Svenska mästerskapet

Tournament information
- Sport: Handball
- Teams: 19

Final positions
- Champions: Majornas IK (4th title)
- Runner-up: Västerås HF

= 1942–43 Svenska mästerskapet (men's handball) =

The 1942–43 Svenska mästerskapet was the 12th season of the tournament held to determine the Swedish men's handball champions. Teams qualified by winning their respective District Championships. A total of 19 teams participated in the competition.
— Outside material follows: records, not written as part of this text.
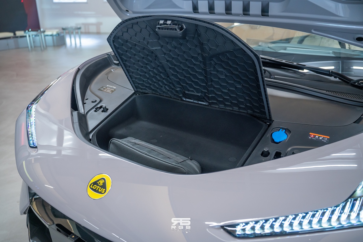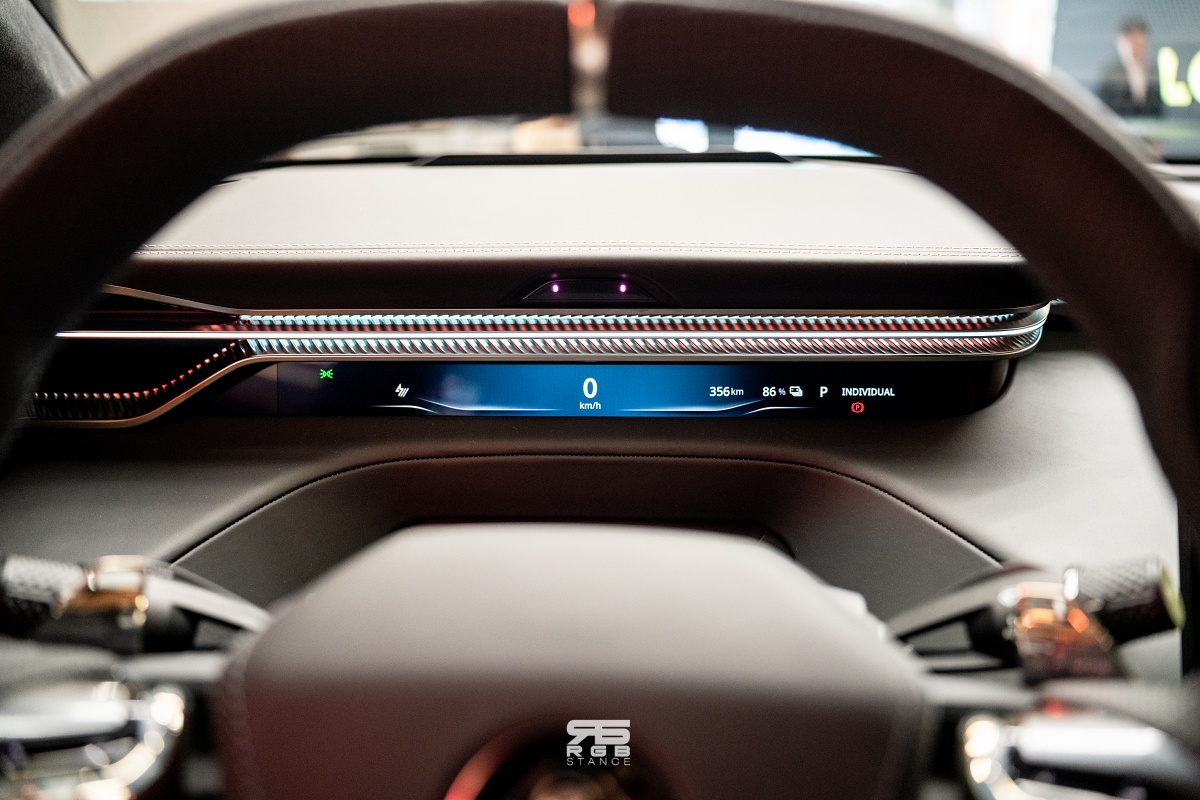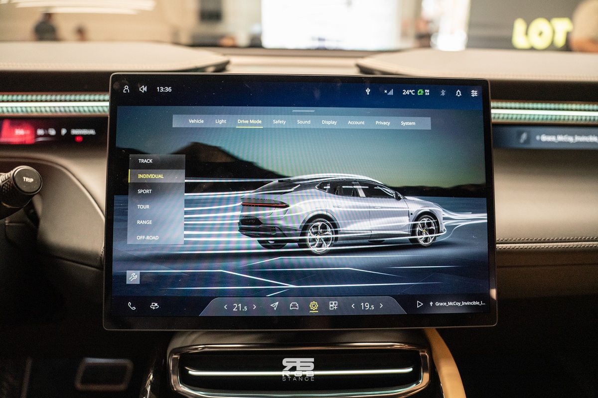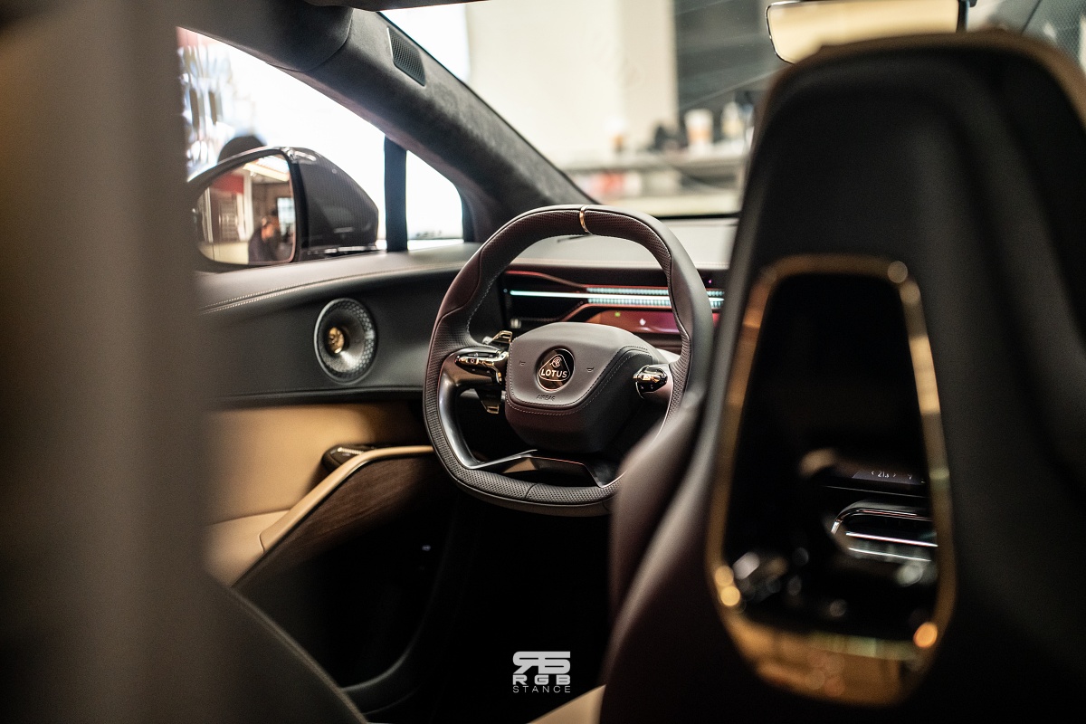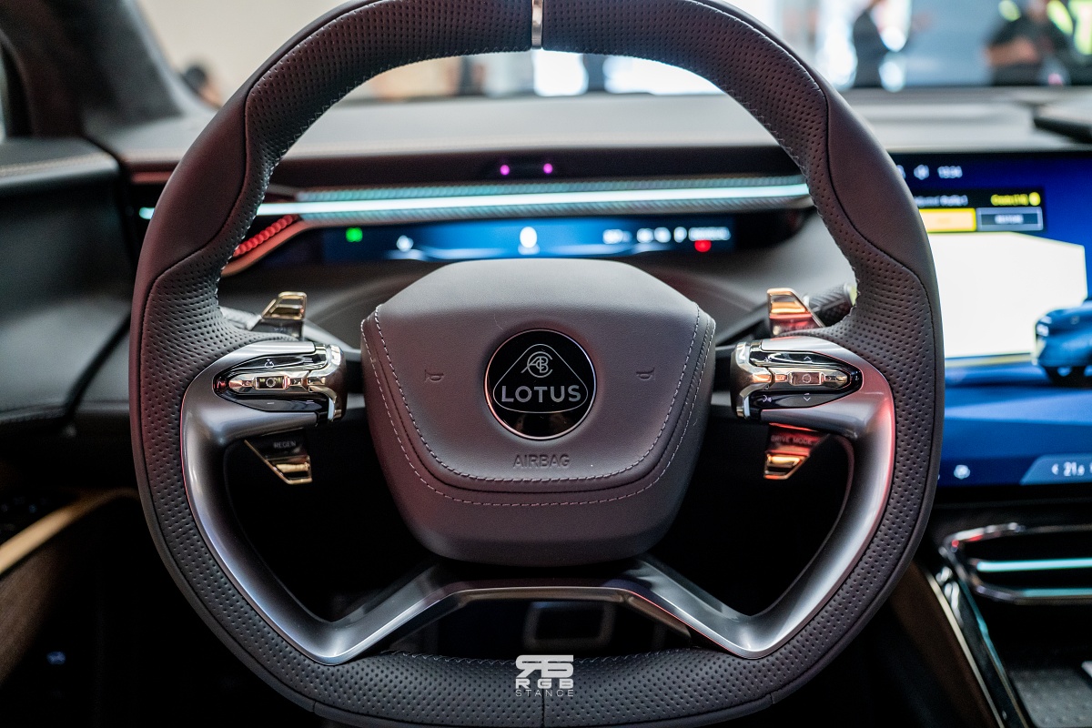 실내로 들어와보면 더욱 놀라게 된다. 드라이빙을 위한 것을 제외하곤 아무것도 없던 로터스와 달리, 럭셔리한 분위기와 구성들에 놀라게 되는데, 고급스러운 가죽과 스웨이드로 장식된 실내는 넓고 안락해졌으며, 슬림형 15.1인치 HD OLED 터치스크린을 통해 선명하고 깨끗한 이미지를 보여주고 있고, 대화형 피드백 기반의 OS 가 적용되어 직관적인 운전 경험을 느끼게 해준다. 스마트폰 무선충전 기능은 물론, 스티어링휠 뒷쪽의 12.6인치 HD OLED 계기판은 증강현실 기능을 갖춘 29인치 HUD 와 함께 운전을 더욱 안전하게 할 수 있도록 도와주며, 파노라믹 글라스 루프는 디지털 기술을 적용해 10단계의 투과율 조절이 가능하다.
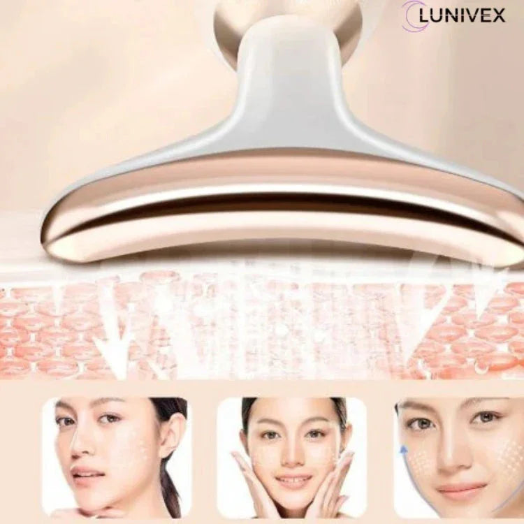 Dile adiós a la tensión y dale a tu piel el cuidado que merece. Este elegante masajeador de cuello con diseño ergonómico y cabezal en forma de “T” está especialmente diseñado para adaptarse a la zona del cuello, papada y rostro.
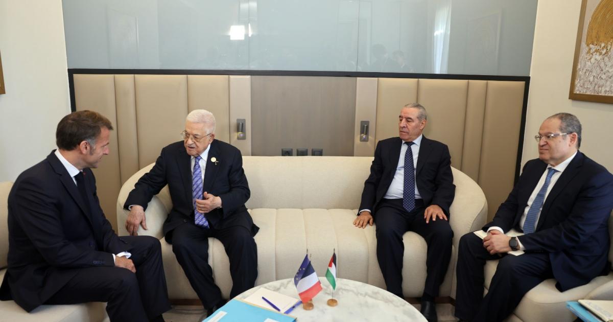 وشكر الرئيس، نظيره الفرنسي، على اعتراف بلاده بدولة فلسطين، وترؤسها إلى جانب السعودية المؤتمر الدولي رفيع المستوى لتسوية القضية الفلسطينية، وتنفيذ حلّ الدولتين.
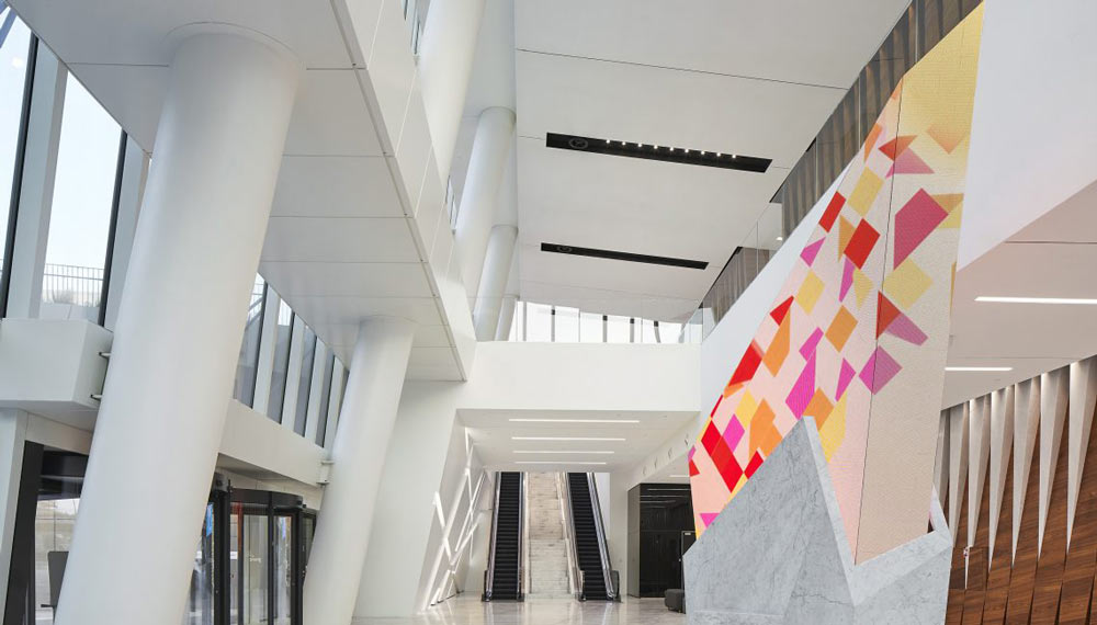 The PwC Tower was created with a focus on cutting-edge architecture, building materials, and environmental sustainability. The building, known affectionately as Il Curvo (“The Curve”) by the Milanese, gently curves over the piazza, embracing it like a shard of a Renaissance dome. Fabricated with 600 tons of steel and glass, the building’s most distinctive element is its ‘crown’, a 40 meter tall structure, which not only contains the building’s maintenance, air conditioning, and rainwater recycling system but also doubles as both a viewing platform and an art gallery for the general public.
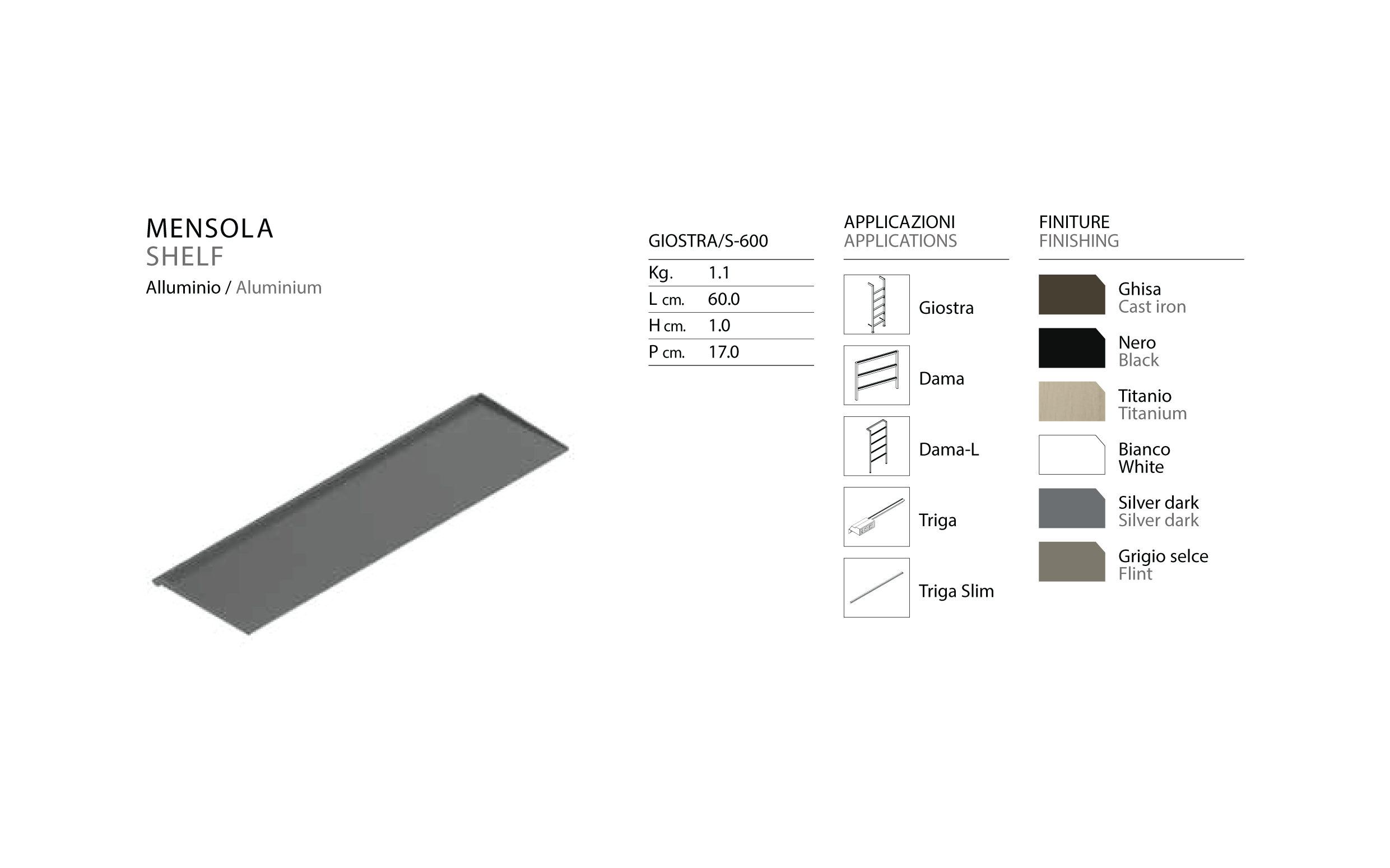Especially designed to service collections of the product range of Damiano Latini. They aid the functionality of every interior system and create an original appearance, improving every space they're placed in. Shelf C is an aliminium shelving plane, used for different types of kitchen and everyday objects. They are long enough to allow the hanging of more than one element. . Damiano Latini has established itself as one of the flagship actors in the current Italian Design scene. Their automonomously designed products are being drawn and tested by architects,engineers and designers in the main maufacturing warehouse in the centre of Italy. The company is a winner of many European Interior Design Prizes such as Reddot Design and Archiproduct awards.
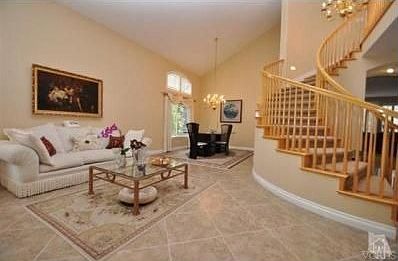 This beautifully upgraded and lovingly maintained Maple Model is on the market for just the first time. This home features soaring ceilings; a dramatic spiral staircase; a stunning trompe l'oeil fresco over the fireplace and the pice de rsistance, the enormous bonus room. Amenities include the stone mosaic entry, tiled first floor, granite island kitchen, central vac and intercom; built in Monogram refrigerator; marble master bath and painted throughout in warm hues. The spacious yard compliments the surprisingly private rear yard, which features and expansive patio cover and flagstone built in BBQ. Almost every window is covered by plantation shutters and the detail of the faux painted on the columns makes you believe they're marble. This is not your average short sale. Part of the Madrona and Blue Ribbon Newbury Park High spheres of influence. Shown by appointment only.
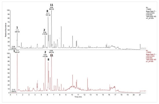 | Peak | Compound 1 | RT (min) | [M-H]− (m/z) | MS/MS Ions (m/z) 2 | References |
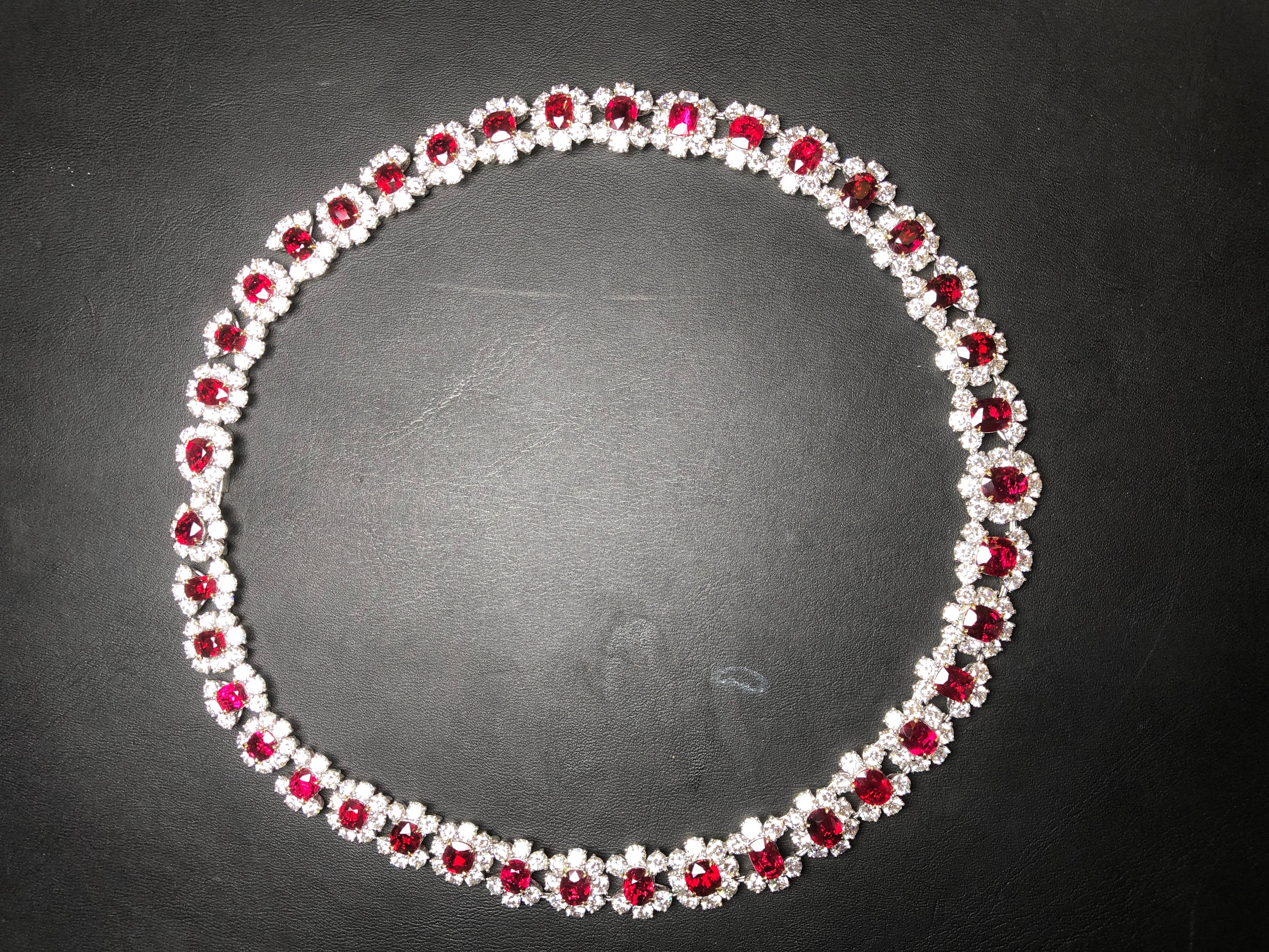 Burmese ruby necklace, Gubelin Gem Laboratory pigeon blood rating, the total weight of the main stone 50.69 carats, a single stone more than 1 carat
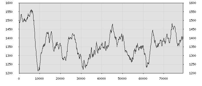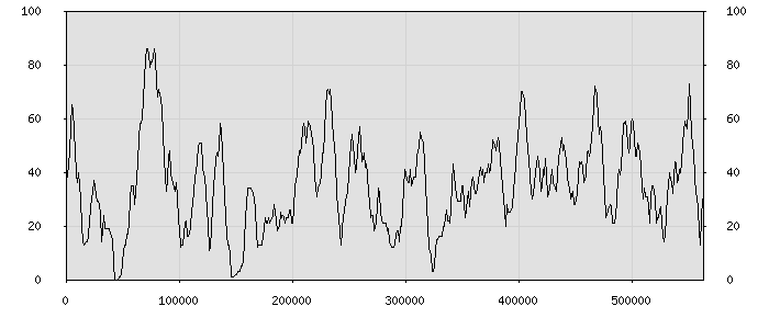 (по горизонтали: счётчик знаков; по вертикали: процент диалогов; размер скользящего окна: знаков, шаг: 1000 знаков) |

Majornas IK, the defending champions, claimed their fourth title by defeating Västerås HF in the final. The match was held on 18 April at the Mässhallen in Gothenburg, and was attended by approximately 1,900 spectators.

==Results==

=== First round ===
- Bodens BK–Umeå IK result unknown
- Västerås HF–GUIF 10–6
- Motala AIF–IFK Örebro 13–12 a.e.t.
- Norslunds IF–Sandvikens IF 5–22

===Second round===
- Umeå IK–Sollefteå GIF 13–15
- Västerås HF–Motala AIF 17–9
- IF Leikin–Ystads IF HF w/o
- IF Hallby–IFK Karlskrona w/o
- Visby AIK–IFK Lidingö 6–13
- Upsala IF–Sandvikens IF 15–5
- GF Kroppskultur–Majornas IK 12–29

===Quarterfinals===
- Sollefteå GIF–Västerås HF 8–11
- Ystads IF HF–IFK Karlskrona 13–6
- IFK Lidingö–Upsala IF 12–8 a.e.t.
- IFK Skövde–Majornas IK 10–27

===Semifinals===
- Västerås HF–Ystads IF HF 9–8
- IFK Lidingö–Majornas IK 7–14

===Final===
- Majornas IK–Västerås HF 14–8

== Champions ==
The following players from Majornas IK received winner's medals: Bertil Huss, Stig Neptun (1 goal in the final), Claes Hedenskog (2), Sven-Eric Forsell (1), Stig Hjortsberg (3), Åke Gustafsson (2), Gustav-Adolf Thorén (1), Gunnar Lindgren (2), Torsten Henriksson (2), and Bo Sundby.